According to Deloitte, “Insurers have the potential to achieve even greater social good largely because they already act as society’s “financial safety net,” providing a backstop against financial loss for innumerable risks worldwide.”  

We’ve also seen an increase in insurers using their customers’ money to invest a in a range of causes; from Animal Friends Insurance supporting animal welfare with a variety of charity partnerships to LV=’s partnership with Family Action to support families through change, challenge and crisis. Beyond charity partnerships, how can insurance brands invest in media with ESG in mind? We look at everything from reducing wastage with increased targeting to using carbon calculators to measure impact.

It’s been a tough few years for all insurance companies, with a turbulent macro political landscape coupled with national economic and environmental hurdles. This has resulted in rising premiums and tightening coverage for higher risk policies – and in some cases coverage removed altogether. In a world where insurers are often mis-trusted, this heightened pressure-cooker environment is making it more challenging than ever for brands to position themselves as a trusted partner, protecting people from disaster.

However, with climate change posing a significant risk to communities and businesses worldwide, insurers will bear a substantial share of the financial burden through claims related to natural disasters. Therefore, there are both business and societal imperatives for them to act. This includes embedding ESG into their own business operations and rewarding sustainable behaviour from policy holders.

By changing underwriting practices, insurance companies can positively impact the environment

The surge in data and increasing AI adoption is an opportunity for insurers to become a catalyst for good. The depth of data now available means quotes can be more personalised than ever before. And by utilising AI to unlock hidden insights faster, personalisation can be offered at scale. This means people will be paying the correct premiums for their situation and can build a policy with exactly the right cover. However, with trust as one of the top motivators between choosing one insurer over another, it’s important to have complete transparency about how data is being collected, used and stored.

Another opportunity for insurance companies is to encourage environmental and societal good by embedding sustainability into their underwriting practices. This could be reducing premiums for insulated homes and EVs, or business insurers offering the construction industry discounts if they apply a green chemistry approach – which reduces pollution and improves overall yield efficiency. Stealing from a different industry, Diageo recently said that when it is looking at product innovation, it always looks for the ‘and’. Meaning that a product innovation only gets developed if it benefits customers, the business AND the environment.
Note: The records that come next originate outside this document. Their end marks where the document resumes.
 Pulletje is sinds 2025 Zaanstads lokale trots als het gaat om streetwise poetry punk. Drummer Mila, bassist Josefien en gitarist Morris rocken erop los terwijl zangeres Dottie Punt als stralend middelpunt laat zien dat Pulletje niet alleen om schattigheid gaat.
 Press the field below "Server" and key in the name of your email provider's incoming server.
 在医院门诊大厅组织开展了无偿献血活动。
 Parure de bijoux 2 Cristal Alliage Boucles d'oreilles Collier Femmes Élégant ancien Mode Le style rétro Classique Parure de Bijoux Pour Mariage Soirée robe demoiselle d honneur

Applying this to insurance, ultimately the best claim for all parties is the one that didn’t happen – so by rewarding practices that are better for the environment, encourage safer behaviour or more concrete operations, it’s win/win for everyone.
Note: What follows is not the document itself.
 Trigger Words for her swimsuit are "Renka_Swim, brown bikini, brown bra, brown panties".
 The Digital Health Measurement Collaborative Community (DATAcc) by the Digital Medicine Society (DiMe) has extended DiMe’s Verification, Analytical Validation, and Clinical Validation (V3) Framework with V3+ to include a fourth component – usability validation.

Some insurers are already designing inclusive products and partnership to give back

Insurers can also design inclusive insurance products and it’s promising to see this already coming to fruition across the insurance landscape. Research into pet insurance shows that it’s the economically strained that are less likely to insure their pets, meaning pets in these households are less likely to get veterinary care when required. Animal Friends Pet Insurance is a great example of an insurance brand giving back, with every policy taken out helping it to support animal charities and conservancies around the world – donating more than £8.5m already. Meanwhile, LV= has partnered with Family Action, to help it support the 60,000 plus families with practical and emotional support at times of crisis, mirroring its role as an insurer.  In a similar vein, MoneySuperMarket and CALM launched a joint campaign to break the taboo that makes it difficult to talk about money worries – which affect our physical and mental health as well as putting strain on our relationships. Our client Simply Business, a small business insurance specialist, has social impact at the heart of everything it does. As a B Corp immersed in the business world, it champions small businesses and has multiple schemes to support entrepreneurs to thrive in challenging circumstances.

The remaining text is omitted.